In early 2024, in the middle of one of the driest winters on record in the Pacific Northwest, Stratton set out from Bend on a multi-week trip, driving the electric vehicle he had purchased the previous year, after much soul searching. The EV was Stratton’s compromise between his environmental commitment and his desire to spend more time with friends and loved ones, rather than biking solo many days and many long miles of wintry roads. He spent a couple weeks exploring the high country of the Alpine Lakes Wilderness and the Mount Baker area with split boarding friends. 

Ten days before Stratton died, he helped rescue a backcountry snowboarder on Mount Baker who had been caught in an avalanche; he applied the wilderness first responder skills he had been certified in a few months prior. He also used the rescue tarp he had recently acquired. Throughout his split boarding career, Stratton strove to continually improve his knowledge of backcountry and avalanche safety, even as his growing skills and strength took him into ever more challenging terrain. 

Mountains Meet the Sky

A Heart Left in the Mountains.

On February 24, 2026, Stratton and his split boarding partner were at the top of a starkly beautiful alpine basin adjacent to Joffre Lakes Provincial Park, in the Coastal Mountains of British Columbia. Mountains stretched beyond the blue horizon in every direction. Stratton rode part way down the slope and waited off to the side for his friend. After a couple of turns, his friend triggered an avalanche that quickly grew to nearly the entire width of the slope.
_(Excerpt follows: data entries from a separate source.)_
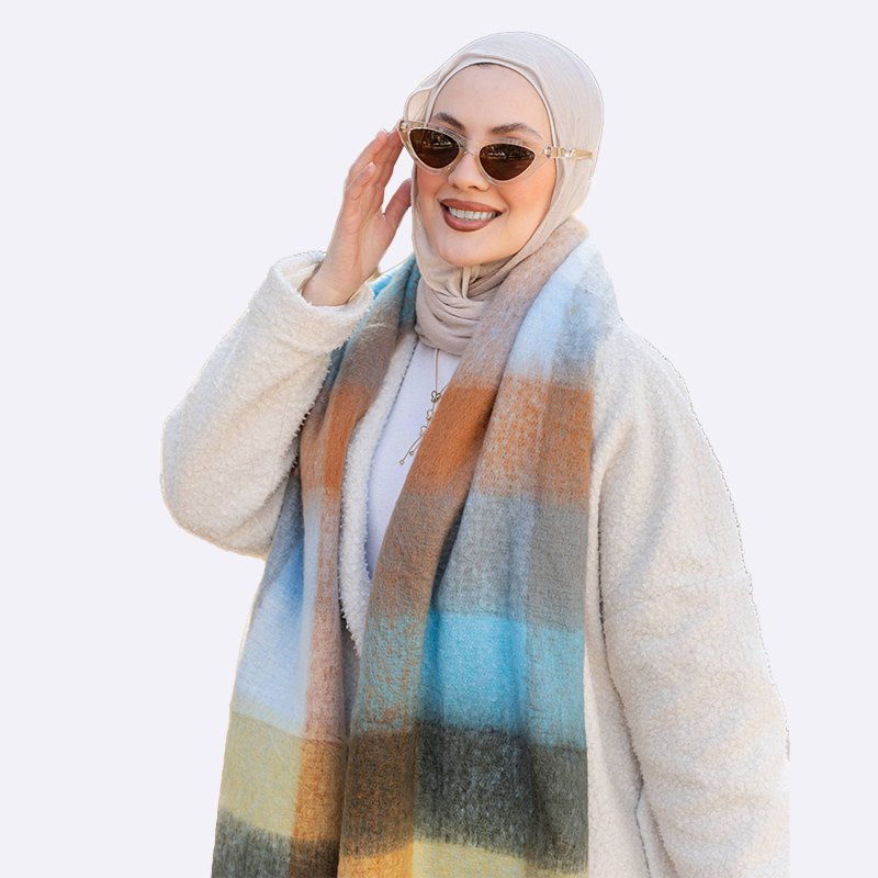 أضيفي لمسة من الأناقة إلى إطلالتك مع هذا الوشاح الكاروهات الجذاب بألوان الخريف الدافئة. تصميم عصري ومريح يجعله إضافة مثالية لخزانة ملابسك.
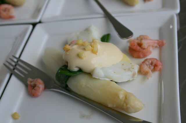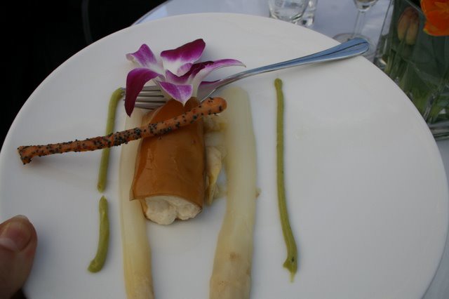 Asperge met eendelever,(links) wat nu niet bij iedereen in de smaak viel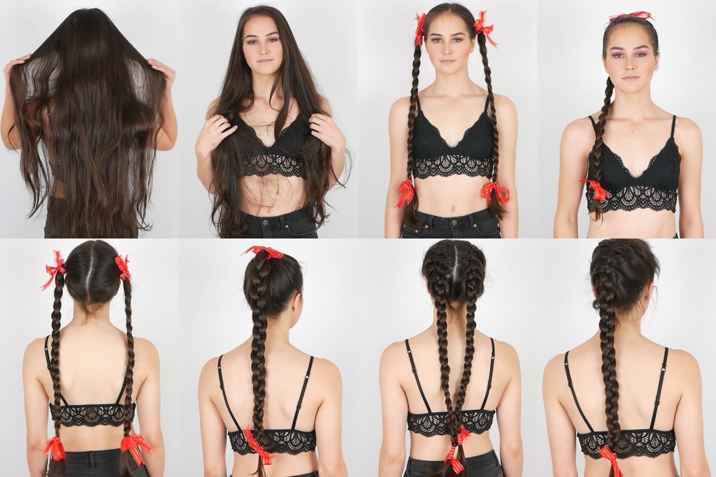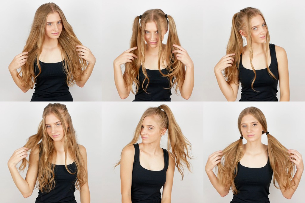 Here, we show simple long hair styles being made and presented; various variations of simple ponytails, pigtails, braids, and buns.
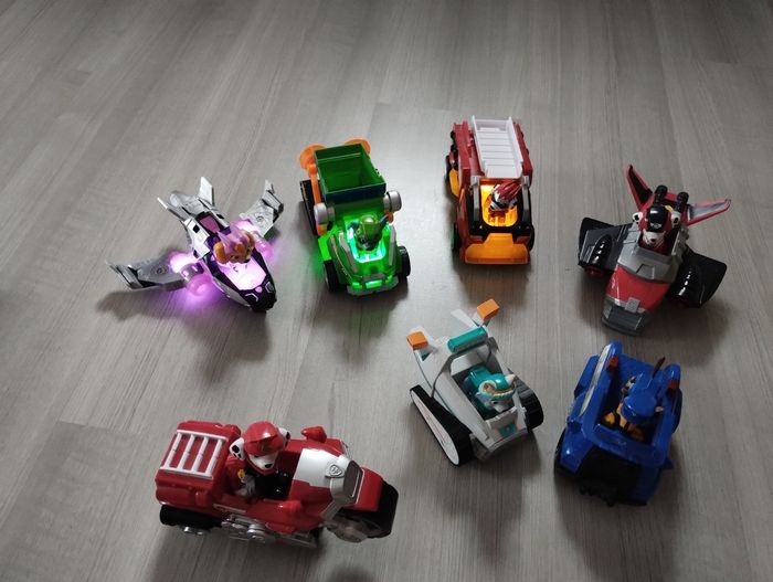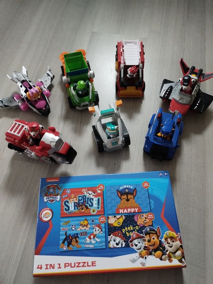 Lot de véhicules pat patrouille Je donne une boîte de puzzles avec (présente qq défauts mais n'empêche pas de les faire) Le tout acheté neuf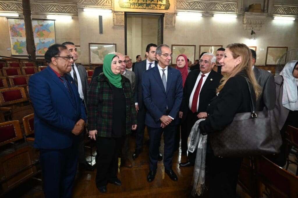 بحث الدكتور/ عمرو طلعت وزير الاتصالات وتكنولوجيا المعلومات، والدكتورة/ نيفين القباج وزيرة التضامن الاجتماعى آليات دعم الجمعية الجغرافية المصرية، والتعاون فى رقمنة مقتنياتها ودعمها فى إعدادها للمؤتمر الجغرافى الدولى المزمع عقده فى عام 2025. وذلك خلال زيارتهما لمقر الجمعية الجغرافية المصرية التى تعد أقدم جمعية جغرافية خارج أوروبا والأمريكتين. وكان فى استقبالهما الدكتور/ محمد السديمى رئيس الجمعية وأعضاء الجمعية. وبحضور الدكتورة / هدى بركة مستشار وزير الاتصالات وتكنولوجيا المعلومات لتنمية المهارات التكنولوجية.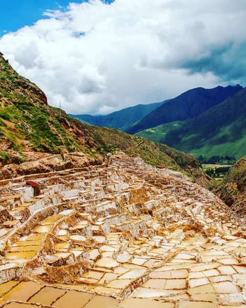 ubicado al noroeste del pueblo de Maras están constituidas por unos 3000 pozos pequeños con un área promedio de unos 5 m², durante la época de sequía se llenan o “riegan” cada 3 días con agua salada que emana de un manante natural ubicado en la parte superior de los pozos para que al evaporarse el agua, la sal contenida en ésta se solidifique paulatinamente, posteriormente la sal es golpeada y así granulada; la sal será después embolsada en costales plásticos y enviada a los mercados de la región; hoy esa sal está siendo yodada razón por la cual, su consumo no es dañino.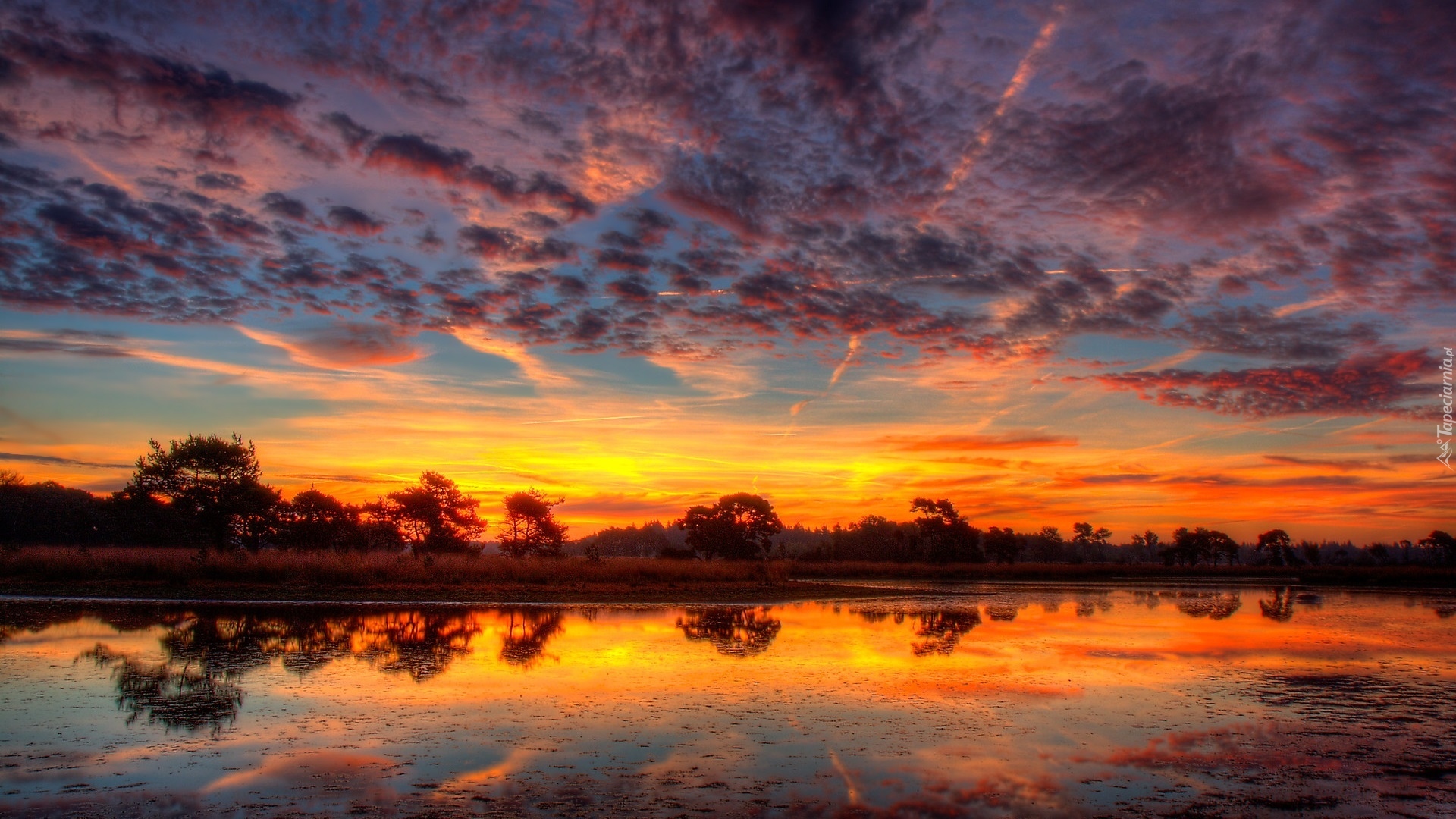 Edytor tapety: Kolorowe niebo i chmury zachodzącego słońca nad jeziorem

The friend survived, but Stratton, six weeks shy of his 29th birthday, did not. 

Although Stratton’s passing leaves those who know and love him deeply brokenhearted, his optimistic, playful spirit and his belief in the power of individual action to inspire collective change, lives on. 

On his backpack, Stratton had drawn an image of mountains and the words, “Follow your heart.”  May Stratton’s life be a reminder to follow our hearts, and to care for what our hearts love. In this way, may we all find ourselves on our own joy-filled adventure, in celebration and with gratitude toward the earthly bounty that makes our lives possible. 

Stratton snowboarding through a massive powder explosion on a bluebird day.

The only thing you know is you have this moment right now.